France cuts rate on popular tax-free savings account for 2nd time in 2013
PARIS, July 18
PARIS, July 18 (Reuters) - France on Thursday cut the interest rate on hugely popular tax-free savings accounts for the second time this year in view of falling inflation, but limited the reduction to protect savers' purchasing power.
The politically sensitive cut in returns on the accounts comes as consumer morale sits at record lows, jobless numbers at all-time highs and as the economy is stagnating.
Some 63.3 million of the so-called Livret A accounts were held in France at the end of last year - almost the same number as the population, although some are thought to hold more than one account illegally.

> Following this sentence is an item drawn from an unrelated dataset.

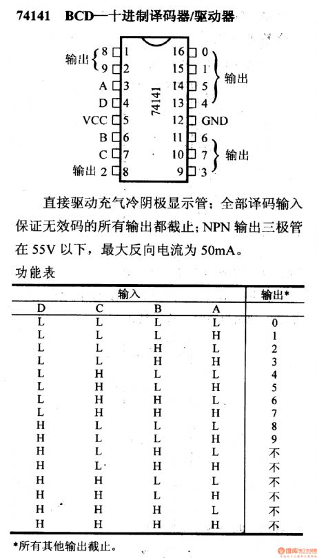 It can drive inflated cold-cathode display tube directly; all decoding input could ensure that all outputs of invalid code are off; the maximum reverse current of NPN output transistor is 50mA whenunder 55V.
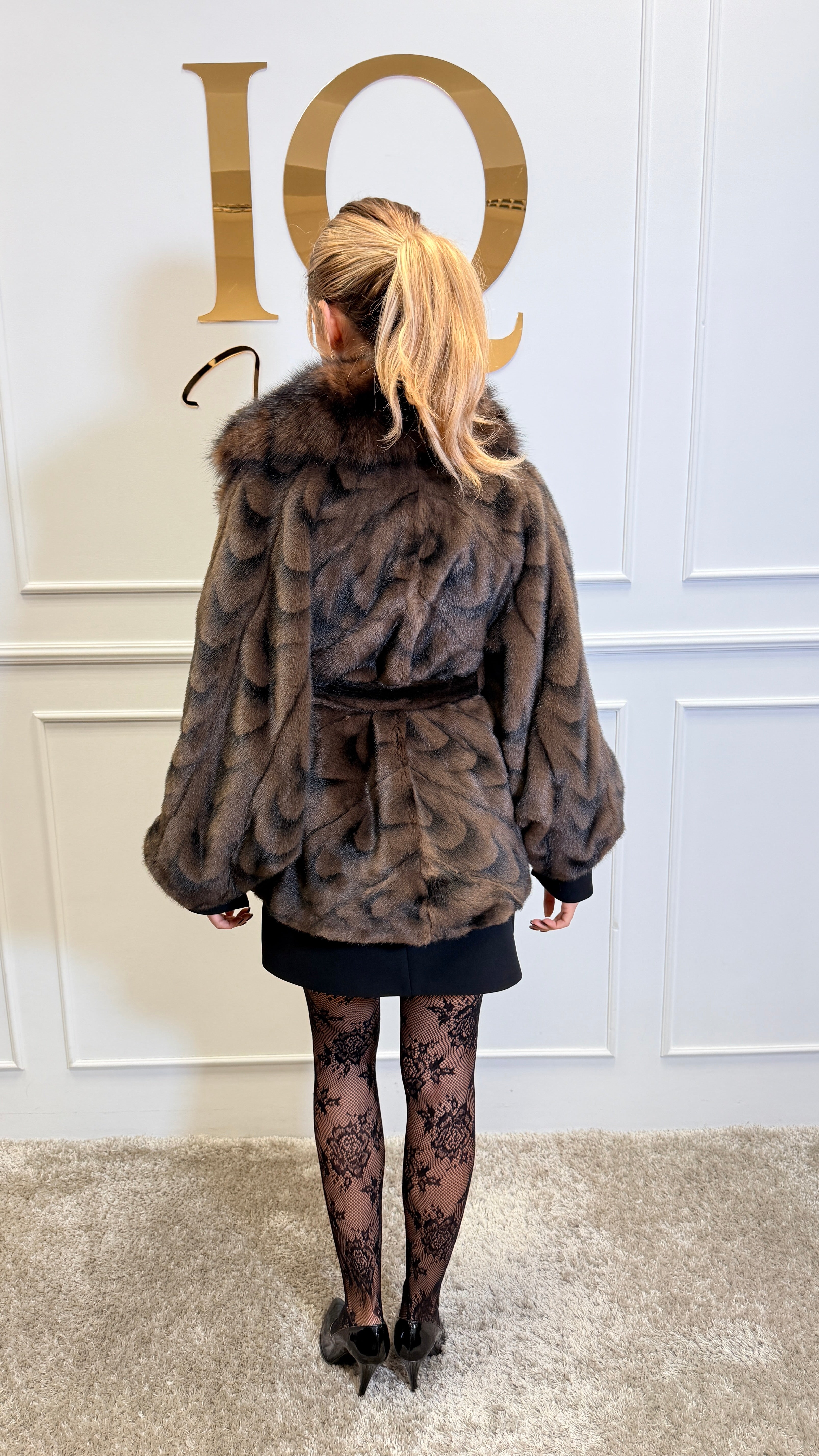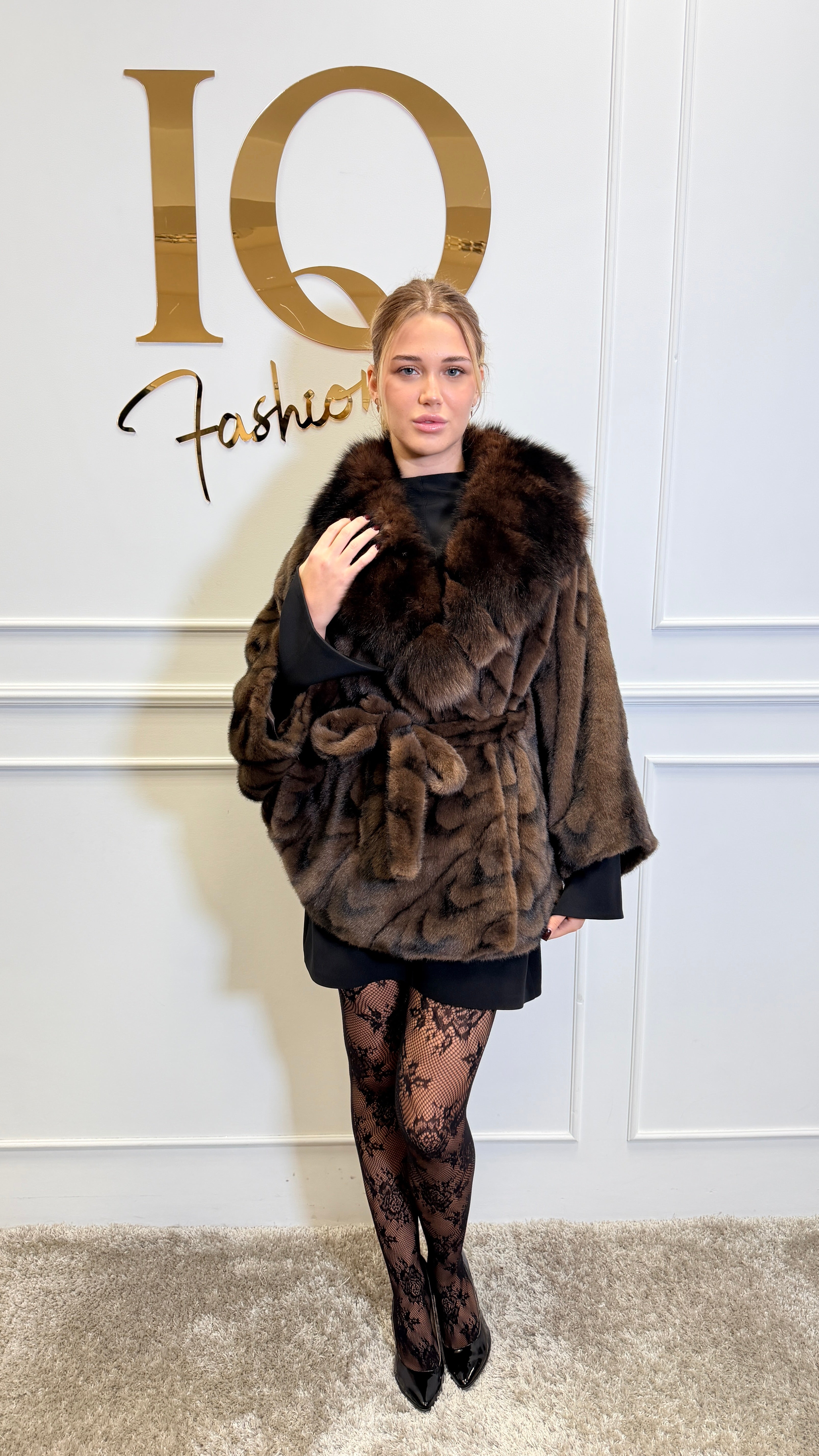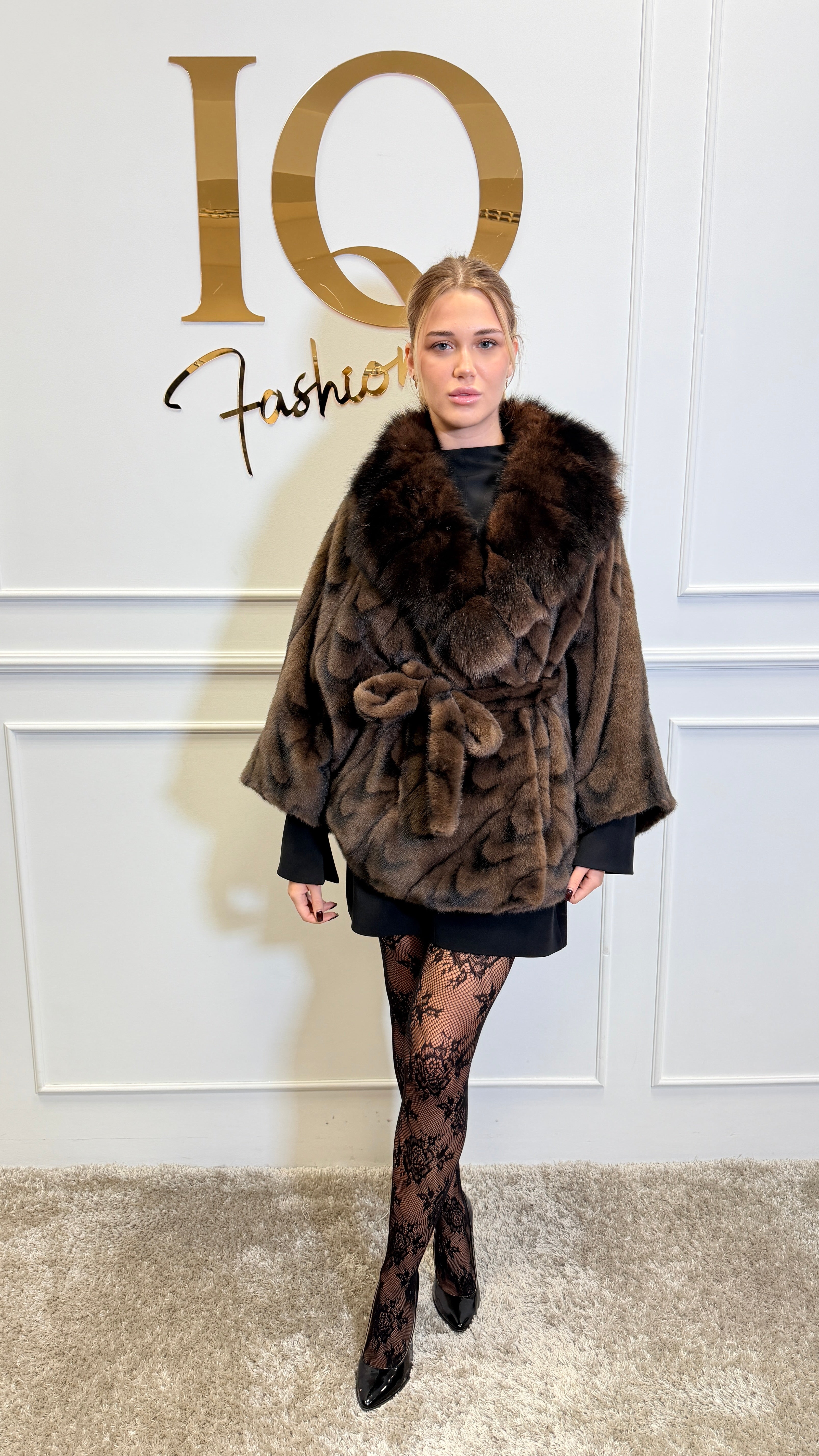 Produs este din lana de alcantara (baby lama)si accesorizat cu blana naturala de vulpe arctica Se poate executa pe multe variante de culoare si pe alte masuri in 7-8 zile lucratoare.Se portiveste si la masuri mari 75-80 kg

The Bank of France had recommended that the interest rate paid on so-called Livret A accounts be cut from 1.75 percent to 1.25 percent as of Aug. 1. Strictly applying the rules for calculating the rate based on inflation would have meant a cut to 1.0 percent.
"The measure we are taking today aims to support the buying power of people on low incomes," Finance Minister Pierre Moscovici told journalists.
The central bank and commercial banks say the high-interest Livret A accounts discourage savers from buying stocks or putting their money into other investments that could help finance businesses.
Retail banks have to hand most of the cash deposited in Livret A over to state lender Caisse des Depots for investment in public projects, meaning they cannot count on it to beef up their deposit bases and make more loans.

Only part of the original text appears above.